● **EXERCISE GOAL**:
Everything from the line holding "Klient VPN dla" through the last line of the data, and nothing else, should be retyped exactly, with no pictures.

● **SOURCE INFORMATION**:
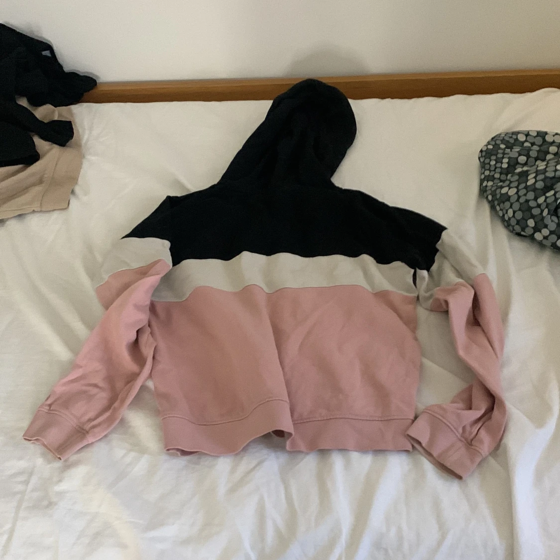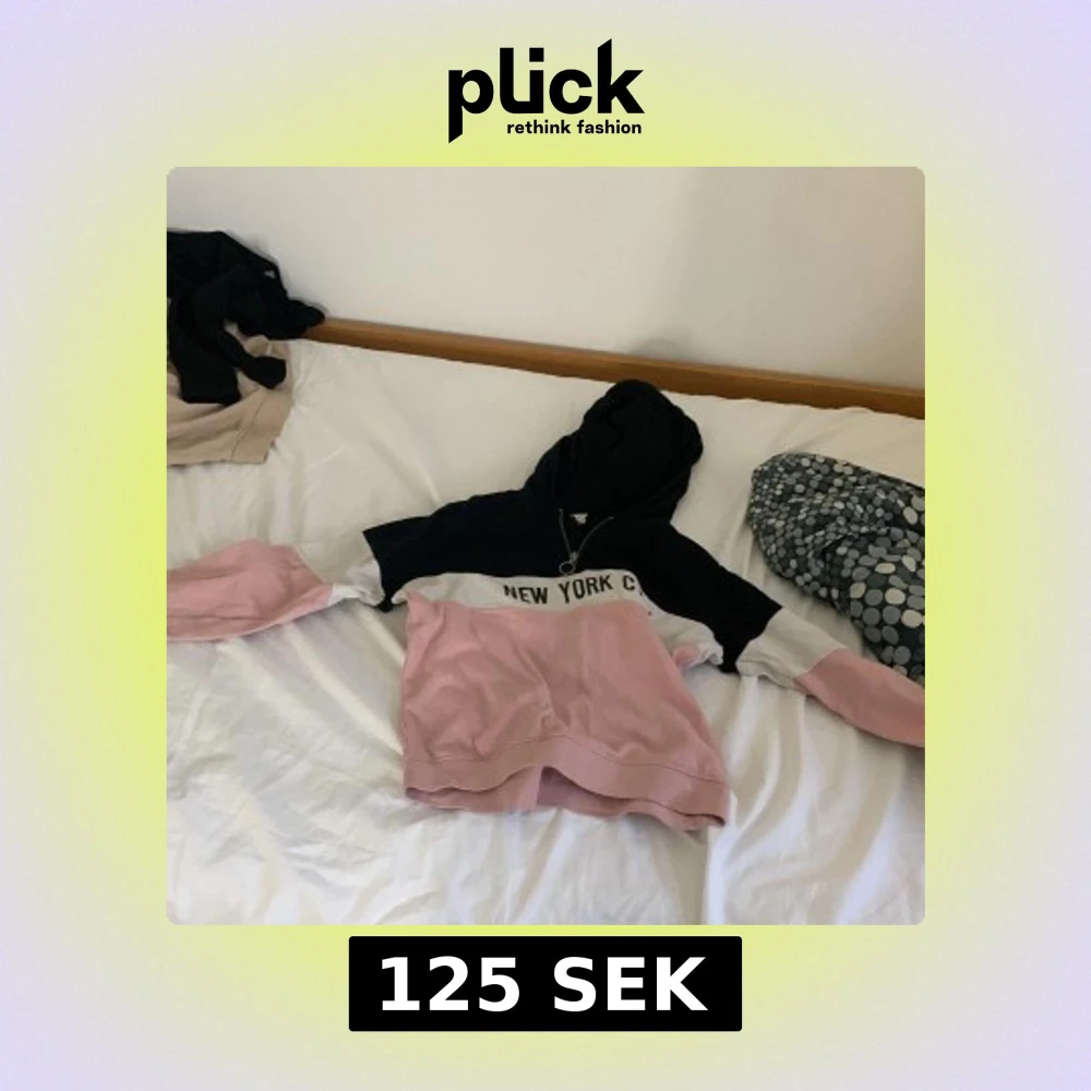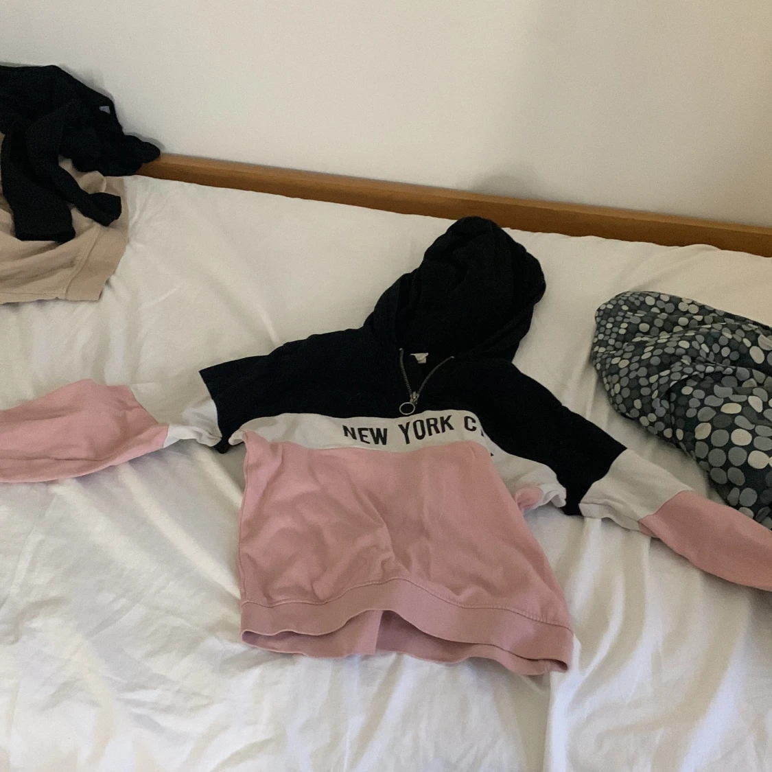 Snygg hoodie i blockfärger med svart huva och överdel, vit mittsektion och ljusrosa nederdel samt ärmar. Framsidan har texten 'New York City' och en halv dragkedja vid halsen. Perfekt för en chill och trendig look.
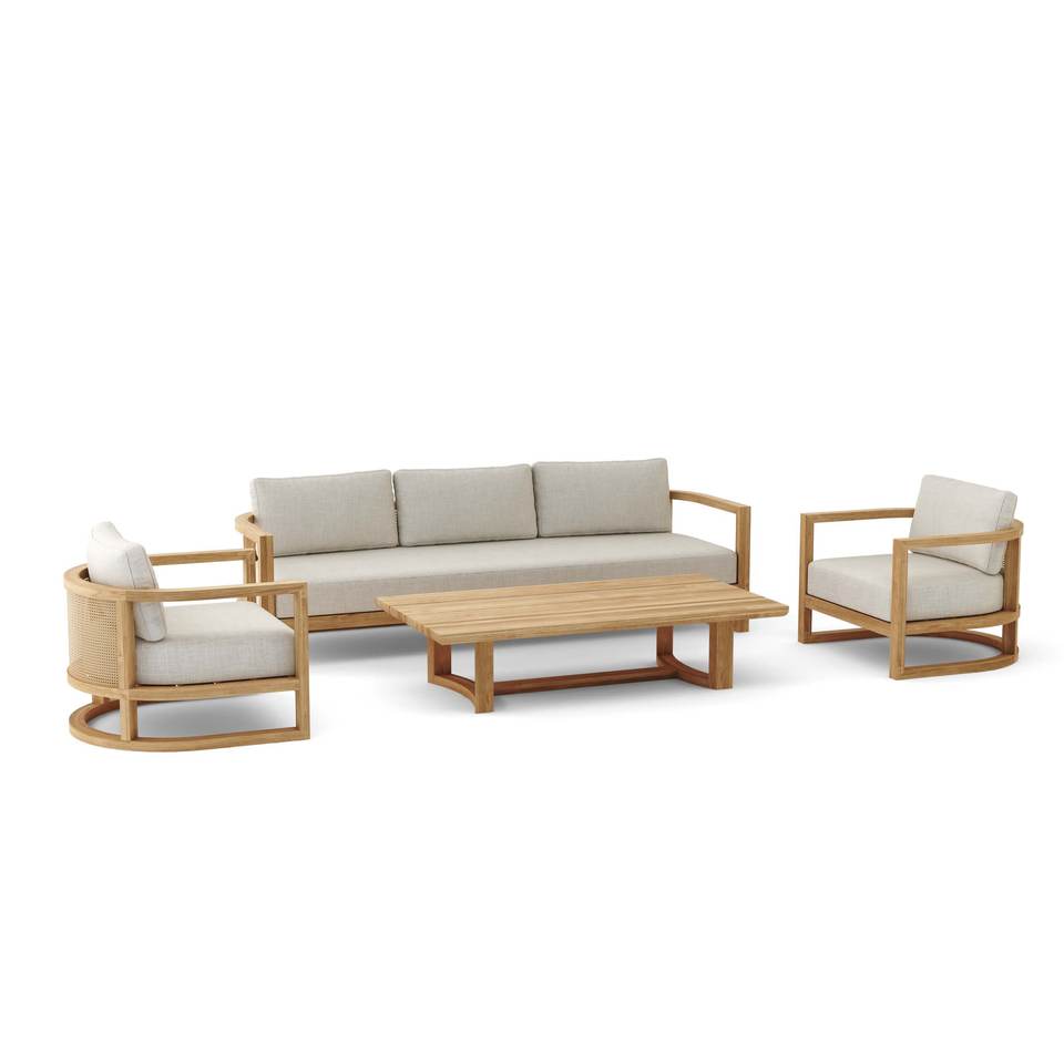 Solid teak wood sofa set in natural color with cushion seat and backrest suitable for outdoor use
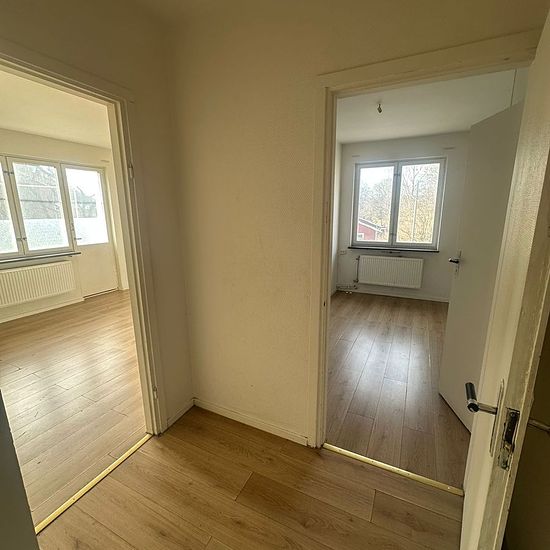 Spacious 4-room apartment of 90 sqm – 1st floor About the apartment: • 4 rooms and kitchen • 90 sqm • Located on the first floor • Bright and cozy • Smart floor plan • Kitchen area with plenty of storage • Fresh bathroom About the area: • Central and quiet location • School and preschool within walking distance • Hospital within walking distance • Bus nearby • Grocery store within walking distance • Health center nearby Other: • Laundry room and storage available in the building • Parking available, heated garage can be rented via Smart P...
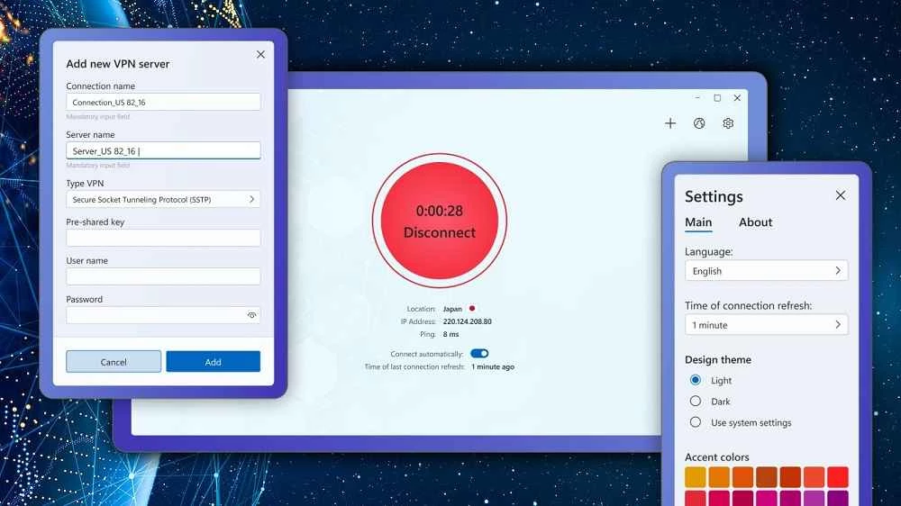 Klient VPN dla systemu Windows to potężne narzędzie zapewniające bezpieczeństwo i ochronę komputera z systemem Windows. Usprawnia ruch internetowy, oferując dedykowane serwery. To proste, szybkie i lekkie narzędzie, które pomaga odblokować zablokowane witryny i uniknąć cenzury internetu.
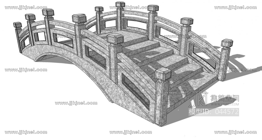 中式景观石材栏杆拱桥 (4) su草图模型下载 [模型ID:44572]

● **RESULT OF THIS TASK**:
 Klient VPN dla systemu Windows to potężne narzędzie zapewniające bezpieczeństwo i ochronę komputera z systemem Windows. Usprawnia ruch internetowy, oferując dedykowane serwery. To proste, szybkie i lekkie narzędzie, które pomaga odblokować zablokowane witryny i uniknąć cenzury internetu.
 中式景观石材栏杆拱桥 (4) su草图模型下载 [模型ID:44572]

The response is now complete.